Then I picked up another book, LOVE IS AN OREINTATION, by Andrew Marin. At one point he talks about questions. He notes that Jesus was asked many questions. Usually he turned the questions into new questions. Jesus was asked “who is my neighbour?” Jesus told the parable of the Good Samaritan and asked “which one was a neighbour”? Andrew wants to do the same so that new conversations can happen. So rather than asking can a gay person change is sexual orientation (a source of debate) he prefers to ask “what is changing is changing in your life as a result of your relationship with God?” That would result in a new conversation and probably a better one.


So I began to wonder what have been some of the best questions in the context of the elder’s work in the congregation. Leading the congregation in good conversations that create fresh consideration of the way we seek to live our lives faithful to God is vital to our call. Good questions are open question. Good questions force us to consider parts of our lives we would prefer to ignore. Good questions make us consider that perhaps there is a way that is more faithful to God.

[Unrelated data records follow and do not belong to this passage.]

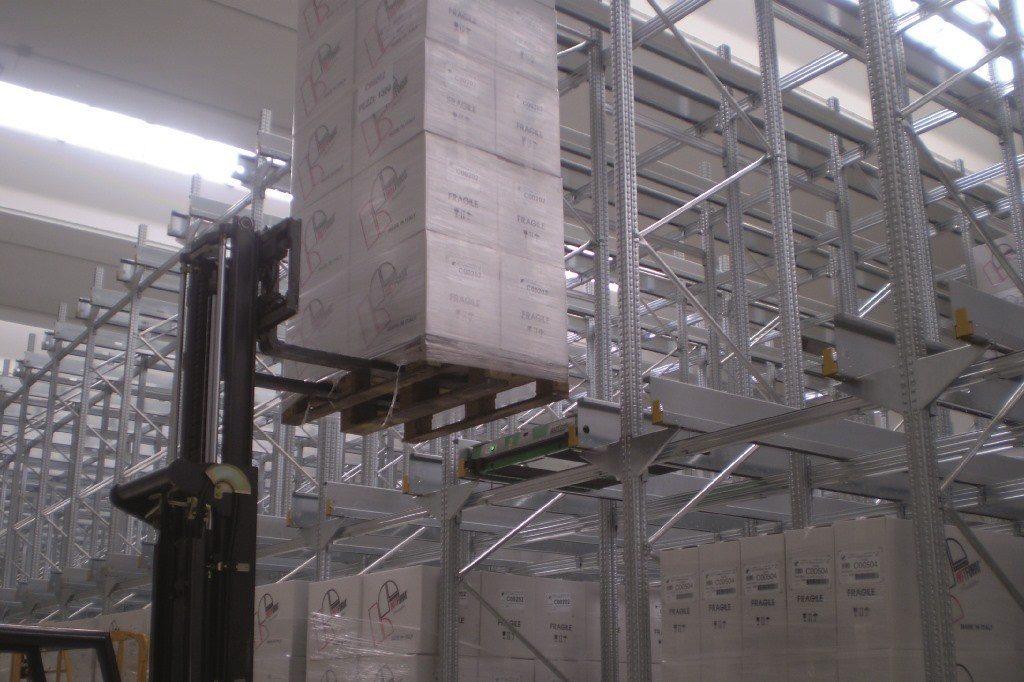 Storage method utilized in the food and pharmaceutical industries where precise management of expiry dates is required. It favours the picking of pallets containing goods produced earlier, hence stored as first. AUTOSAT® operates in this function allowing storage from the front and picking from the opposite end of the racking system. It is therefore necessary that the two faces of the racks are accessible to allow storage and picking.
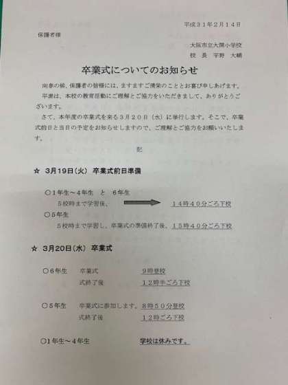 卒業式のご案内について!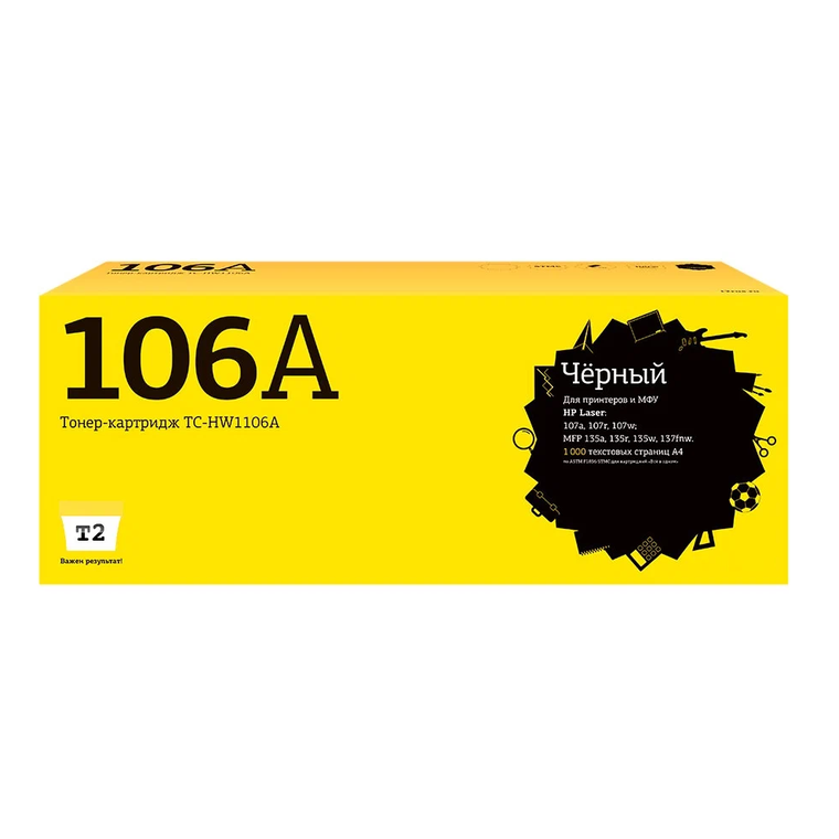 Картридж T2 TC-HW1106A (W1106A) для HP Laser 107a/107r/107w/MFP135a/135r/135w/137fnw (1000 стр.) черный, с чипом

So what are the better questions you have asked? Let’s share.

Comments

I can't help but wonder what intent would lie behind asking a homosexual what is changing in his or her life as a result of their relationship with God. What if the response were to be that a gay man felt led by God to solidify his relationship with his partner in marriage, or the response were to be that a lesbian woman in a relationship felt called to become a pastor? Would we in the present manifestation of the CRC be able to accept these as genuine callings and life-changes that result from a relationship with God? Or would this conversation inevitably lead back to some variation of: "Sorry, only straight folk allowed?"

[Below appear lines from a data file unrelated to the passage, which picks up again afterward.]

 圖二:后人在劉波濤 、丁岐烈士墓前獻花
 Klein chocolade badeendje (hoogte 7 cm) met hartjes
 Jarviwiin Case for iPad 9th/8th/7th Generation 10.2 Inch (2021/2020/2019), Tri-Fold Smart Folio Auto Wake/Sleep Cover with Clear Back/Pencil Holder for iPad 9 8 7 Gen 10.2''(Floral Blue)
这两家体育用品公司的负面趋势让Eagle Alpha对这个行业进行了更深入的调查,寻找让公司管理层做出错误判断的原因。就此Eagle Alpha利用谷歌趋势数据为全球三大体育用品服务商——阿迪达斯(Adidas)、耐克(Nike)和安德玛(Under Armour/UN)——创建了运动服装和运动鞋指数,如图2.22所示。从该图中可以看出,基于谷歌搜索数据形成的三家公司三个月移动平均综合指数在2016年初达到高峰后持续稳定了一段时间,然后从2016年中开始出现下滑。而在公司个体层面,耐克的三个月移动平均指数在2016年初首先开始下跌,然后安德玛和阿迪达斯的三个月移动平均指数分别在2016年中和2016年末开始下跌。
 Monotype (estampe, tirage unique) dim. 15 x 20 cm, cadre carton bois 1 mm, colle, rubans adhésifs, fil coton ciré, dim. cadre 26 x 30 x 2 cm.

I commend the thought behind asking different questions for the purpose of starting different conversations, but I'm not 100% sure that broaching the topic of homosexuality in this way will be any more fruitful... unless, of course, the person asking the question to begin with is genuinely receptive to whatever answer might come his or her way. However, if such a question is being asked with the hope and expectation that a GLBT individual might respond by saying that their relationship with God is changing them in ways that are drawing them away from their sexual orientation, I'm afraid all parties might wind up disappointed and in no better shape than we were to begin with.

Neil de Koning on August 2, 2010

In reply to by anonymous_stub (not verified)

what is the intent behind the question? it is precisely to change the tenor and content of the conversation. I know there are bridges to cross (theological, biblical, organizational) which are difficult. But it seems to me that by trying to start in these places usually leads to GLBT person asking the more basic question: will you love me? Am I lovable? or feel that the power of harsh judgment. It has often been unredemptive. So the intent of the question is to start in another place. While it may mean having conversations that are difficult, it at lest begins with the assumption that God's Spirit is already busy in our life together. While we may need to engage in tough questions, it begins with a gracious approach to each other. Good question allow me to listen better. Listening better allows a more loving response. Where it leads... I don't know for sure. I am willing to trust God's Spirit to lead the conversation. From what I read in LOVE IS AN ORIENTATION, many are not disappointed with the conversation.

I recently read the book COMMUNITY by Peter Block, and found many things that stimulated my imagination, and rekindled my passion for a nurturing community. I also found it really relevant to the thinking being done by us CRC folk on how to better work in networks of congregations and organizations and agencies. I really loved this question: what behavior am I now engaging in that is helping to create the future I long for?